In this appeal, Lamar Advertising contends that the circuit court erred in failing to declare that the City of Rapid City unlawfully bargained away its police power when it entered into a settlement agreement with Epic Outdoor Advertising under which the City agreed to amend certain sign code ordinances and grant Epic two sign permits. By notice of review, Epic asserts the circuit court erred in denying Epic’s request that the court declare invalid a similar settlement agreement previously executed between Lamar and the City. We affirm.

This decision is unanimous, with opinion authored by Justice DeVaney.  Circuit Judge Maher sat on this case, in lieu of Justice Kern. 

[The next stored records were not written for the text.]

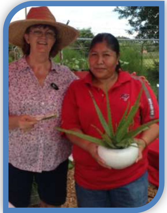
GSM FM's first sale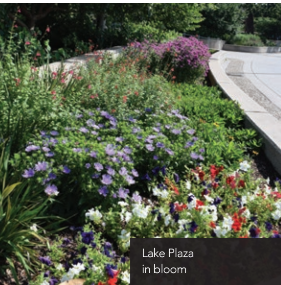
Lake Plaza in bloom

The McGovern Centennial Gardens volunteer team helped the garden staff by pulling weeds, planting and harvesting vegetables, trimming plants, greeting visitors, and reading stories at a weekly children's story hour. Japanese Garden volunteers aided Houston Parks and Recreation staff by weeding, trimming ferns, and placing pine straw.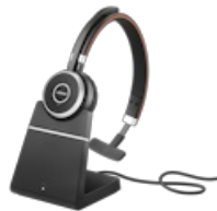
Jabra Evolve 65 SE - UC Mono with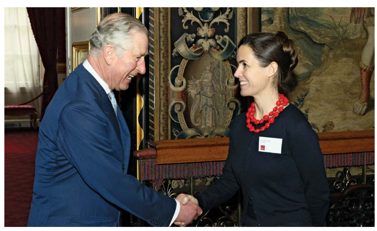
HRH The Prince of Wales accepted the invitation to become an Honorary Landmark Pioneer at St James's Palace.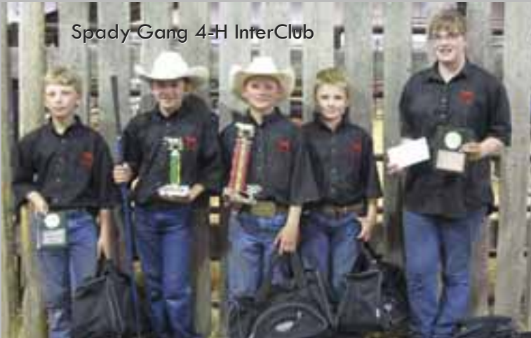
Spady Gang 4-H InterClub

This also will be the last Grid 15S calf for sale, as he is deceased. This is a very smooth, correct calf. Born mid-April he has an incredible Adj 205 of 810 lbs. You will like the look of this bull.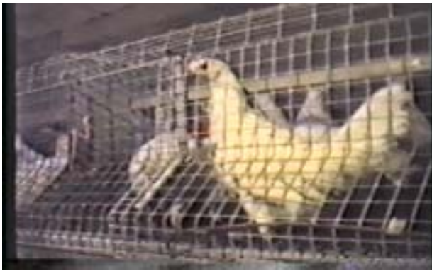
1.5 Million Egg-Laying Chickens Created the best animal testing facility in the world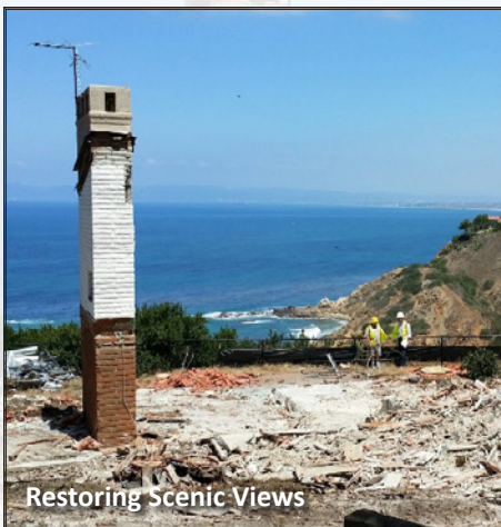
Restoring Scenic Views

Over the last several months in Palos Verdes Estates, bulldozers and earth moving equipment have been busy removing seven homes located above Bluff Cove along Palos Verdes Drive West. The City of Palos Verdes Estates acquired the homes as part of a settlement agreement arising out of earth movement and subsidence damage to the homes in that area in 1983. Showing signs of long-term damage and disrepair, the City Council decided in 2012 that the homes should be deconstructed and the properties become open space for the public. In late 2014, plans were approved to demolish the structures and in April 2015, the City initiated the project.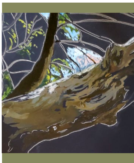
Second Red Rock Crossing painting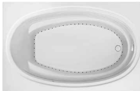
Symphony 4 with air shown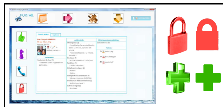
FIGURE 1: The IT platform and examples of visual stimuli with two levels of detail

The IT platform consisted of a screenshot of a HADAGIO portal page where we had defined eight positions in which the target could appear: four in the lefthand column and four along the top.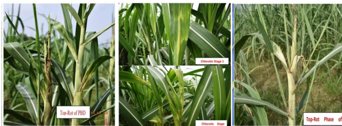
Fig.3: Chlorotic, Top-rot and Knife cut Symptoms of PBD in sugarcane.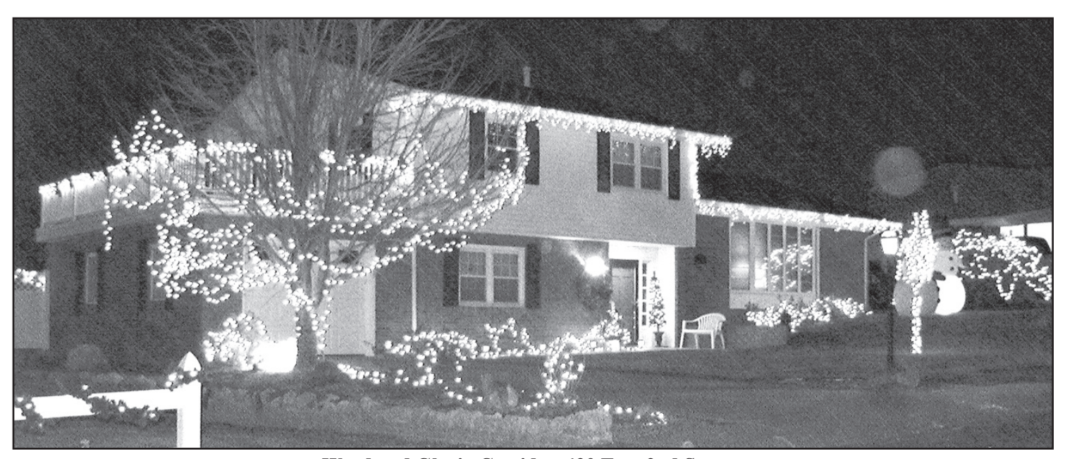
Ward and Gloria Cassidy - 420 East 2nd Street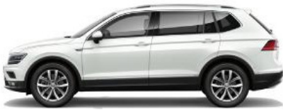
Pure White Solid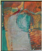
Art Wall Blacksburg Library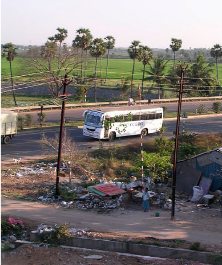
Foxconn's shuttle bus on the Chennai-Bangalore national high way taking workers to the factory.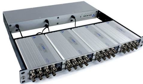
Rackmount | Four rack-mounted HIGHWIRE Powerstar Base 8 units assembled with a Veracity 1U PSU.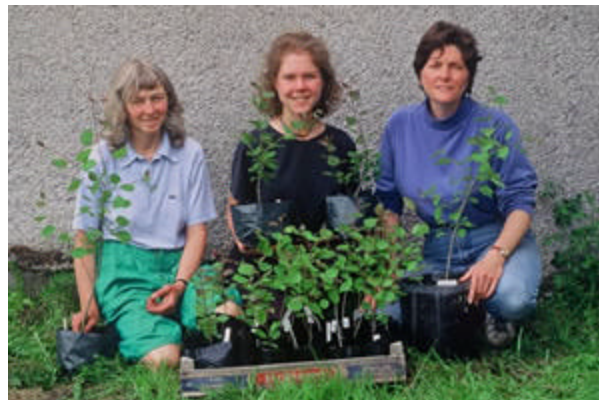
The aspens in this tray have grown from cuttings which were planted 4 months previously. The larger plants are in their second year of growth in pots.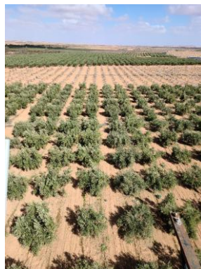
Figure 1: Tower with the radar instrumentation illuminating the olive grove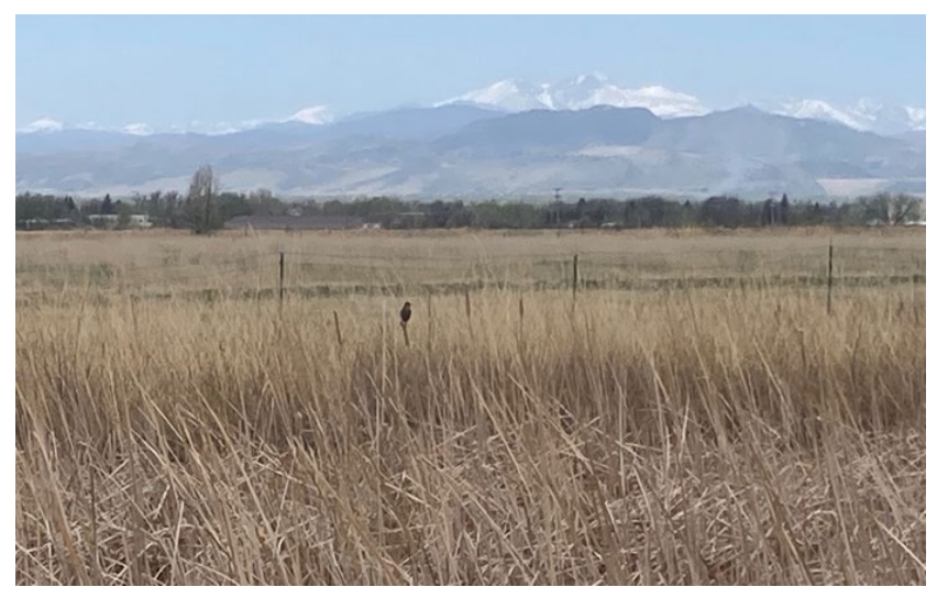
New addition to Cooper Slough conservation area

Note: The "Total Conserved - Life to Date" cost in the above table has been updated to reflect only Natural Area's portion of total acquisition costs to date. In recent previous quarterly reports, this value was reported as the total purchase price of all acquisitions to date, including any partner or grant contributions.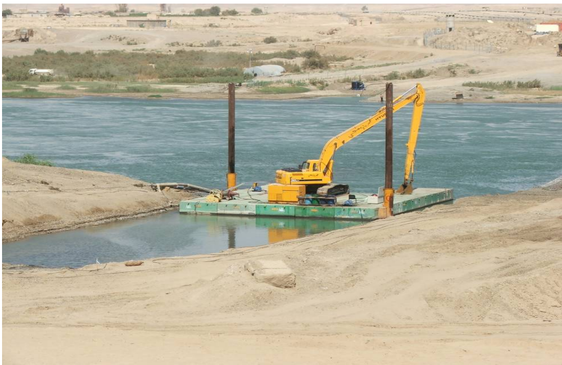
Site Photo 5: Excavator for Dredging on Tigris River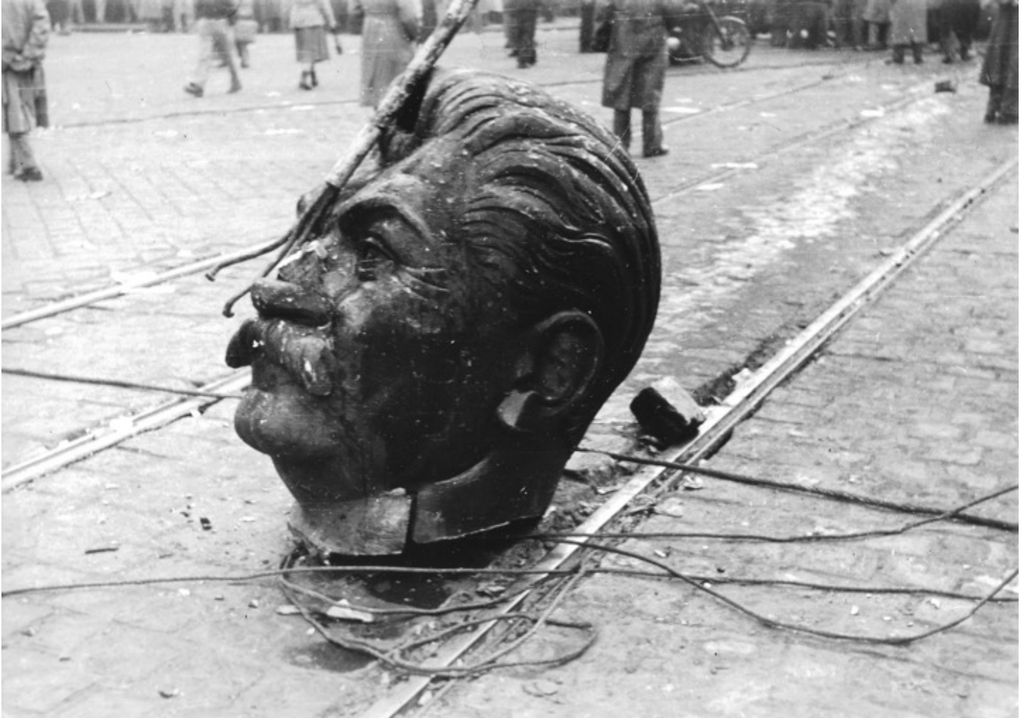
The damaged and decapitated head of a statue of Stalin, on Grand Avenue, Budapest, Hungary, October 23, 1956.

As political regimes defeat rivals, they also remove or transform the symbols that represent the former order. Erecting or destroying monuments doesn't just reflect authority but is a way to promote or change it.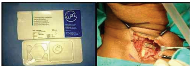
Figure 2 A, Titanium vocal fold medializing implant (TVFMI®). B, TVFMI® placed in the cartilage window.

post-operative values of GRBAS were compared separately using paired Student's t-test. Individual parameters of acoustic analysis and EGG were also compared pre- and post-operatively, and the p-values were calculated. Student's t-test for independent variables was used to compare the improvement in parameters (VHI, GRBAS, acoustic analysis, EGG) following the type I thyroplasty with silastic implant or TVFMI®. p-values less than 0.05 were considered to be significant (95% confidence interval).

MATTER OF CARVER REVOCABLE TRUST, 2020 S.D. 31:  In this proceeding which was instituted for the purpose of securing “judicial supervision of the trust under SDCL 21-22-9,” the circuit court refused to adjudicate the validity of the original trust as requested by Petitioners – interpreting, “SDCL 55-4-57(a)(1) in conjunction with SDCL 21-24-7 to mean that a petition for judicial supervision is not sufficient to commence a challenge to the validity of a trust” and that Petitioners had been “required to commence their trust challenge by service of summons within one year after [decedent’s] death.”   The SD Supreme Court reversed, holding in ¶ 36:

Because a circuit court may consider the validity of a trust in a petition for judicial supervision under SDCL chapter 21-22, the McFarlands’ petition, filed pursuant to SDCL 21-22-9, which included a request that the circuit court determine the validity of the various trust amendments, properly commenced a judicial proceeding as contemplated by SDCL 55-4-57(a). The McFarlands’ trust challenge was timely because they filed their petition within the one-year timeframe after Russell’s death. Therefore, the circuit court erred when it dismissed the portion of the McFarlands’ petition requesting that the circuit court determine the validity of the trust or its amendments.

This decision is unanimous with opinion authored by Justice DeVaney.